Local max-cut in smoothed polynomial time

Omer Angel, Yuval Peres, Fan Wei, and myself have just posted to the arXiv our paper showing that local max-cut is in smoothed polynomial time. In this post I briefly explain what is the problem, and I give a short proof of the previous state of the art result on this problem, which was a paper by Etscheid and Roglin showing that local max-cut is in quasi-polynomial time.

Local max-cut and smoothed analysis

Let $G = (V,E)$ be a connected graph with $n$ vertices and $w: E\rightarrow [-1,1]$ be an edge weight function. The local max-cut problem asks to find a partition of the vertices $\sigma: V\rightarrow \{-1,1\}$ whose total cut weight

$\frac12 \sum_{uv \in E} w(uv) \big(1-\sigma(u)\sigma(v)\big) ,$

is locally maximal, in the sense that one cannot increase the cut weight by changing the value of $\sigma$ at a single vertex (recall that actually finding the global maximum is NP-hard).
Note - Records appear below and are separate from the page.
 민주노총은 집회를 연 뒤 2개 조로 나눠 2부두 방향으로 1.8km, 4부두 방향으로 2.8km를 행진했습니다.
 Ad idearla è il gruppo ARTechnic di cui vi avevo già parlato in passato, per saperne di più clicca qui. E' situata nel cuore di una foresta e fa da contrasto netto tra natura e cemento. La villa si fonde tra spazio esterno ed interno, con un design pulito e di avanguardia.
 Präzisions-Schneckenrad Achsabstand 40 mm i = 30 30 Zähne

See the papers linked to above for motivation on this problem.

There is a simple local search algorithm for this problem, sometimes referred to as “FLIP”: start from some initial $\sigma_0$ and iteratively flip vertices (i.e. change the sign of $\sigma$ at a vertex) to improve the cut weight until reaching a local maximum. It is easy to build instances $(\sigma_0, w)$ where FLIP takes exponential time, however in “practice” it seems that FLIP always converges quickly. This motivates the smoothed analysis of FLIP, that is we want to understand what is the typical number of steps for FLIP when the edge weights is perturbed by a small amount of noise. Formally we now assume that the weight on edge $e \in E$ is given by a random variable $X_e \in [-1,1]$ which has a density with respect to the Lebesgue measure bounded from above by $\phi$ (for example this forbids $X_e$ to be too close to a point mass). We assume that these random variables are independent.
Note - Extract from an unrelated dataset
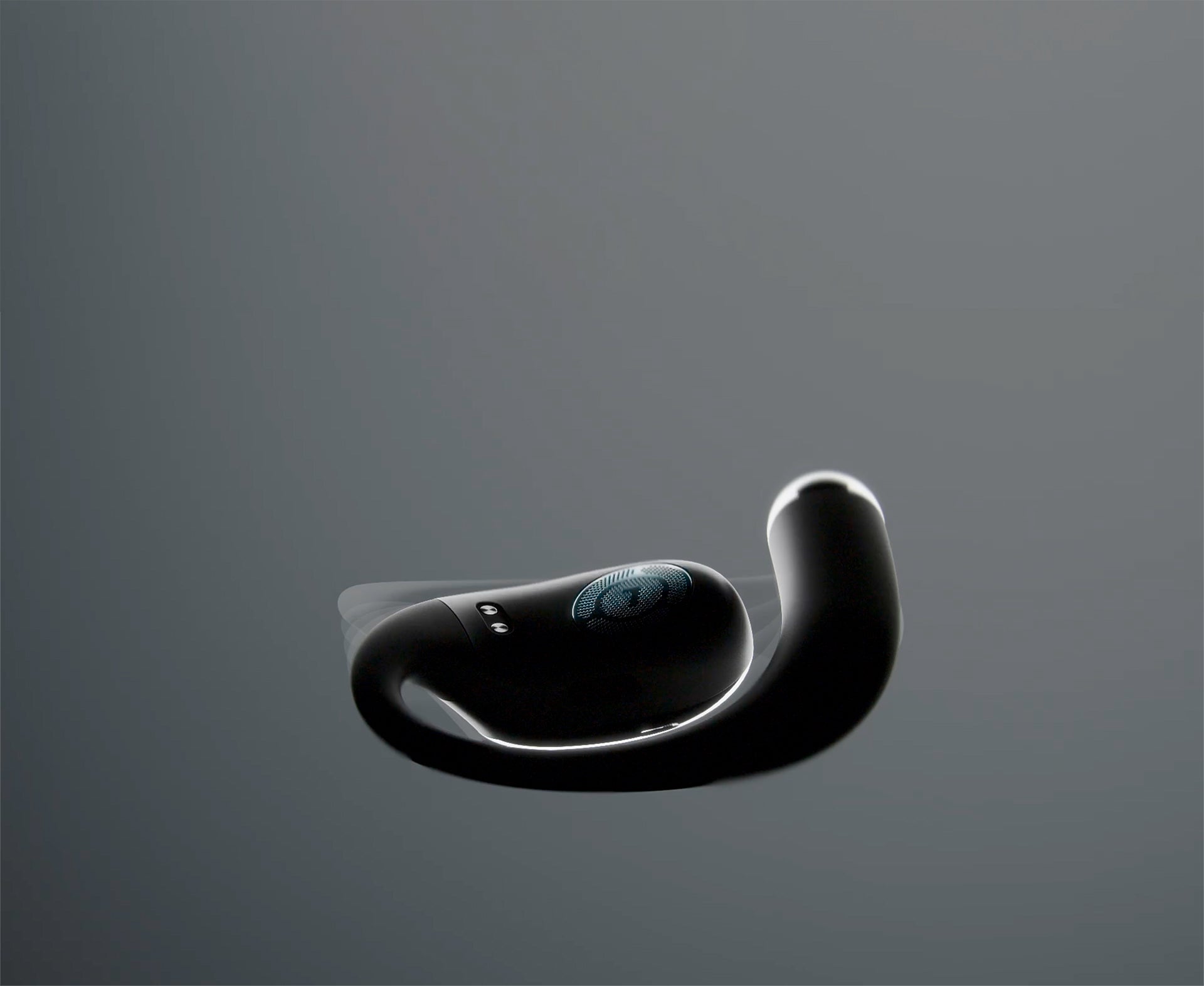 Med open-ear designet hviler høretelefonerne uden på øret og giver en naturlig lyd, så du kan høre trafik, træningsmakker eller omgivelser, mens du lytter til musik.

Theorem(Etscheid and Roglin [2014]): With probability $1-o(1)$ FLIP terminates in $O((\phi^c n^{c \log(n)})$ steps for some universal constant $c>0$ .
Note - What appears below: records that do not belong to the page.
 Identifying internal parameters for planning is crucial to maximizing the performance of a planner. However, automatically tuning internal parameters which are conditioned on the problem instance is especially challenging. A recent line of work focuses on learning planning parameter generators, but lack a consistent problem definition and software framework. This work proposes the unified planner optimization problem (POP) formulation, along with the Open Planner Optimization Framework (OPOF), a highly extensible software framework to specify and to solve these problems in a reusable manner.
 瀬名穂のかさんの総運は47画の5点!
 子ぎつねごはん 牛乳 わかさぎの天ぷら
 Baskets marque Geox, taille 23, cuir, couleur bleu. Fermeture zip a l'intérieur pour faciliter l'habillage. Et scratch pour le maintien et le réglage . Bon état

We improve this result from quasi-polynomial to polynomial, assuming that we put some noise on the interaction between every pair of vertices, or in other words assuming that the graph is complete.

Theorem(Angel, Bubeck, Peres, Wei [2016]): Let $G$ be complete. With probability $1-o(1)$ FLIP terminates in $O(\phi^5 n^{15.1})$ steps.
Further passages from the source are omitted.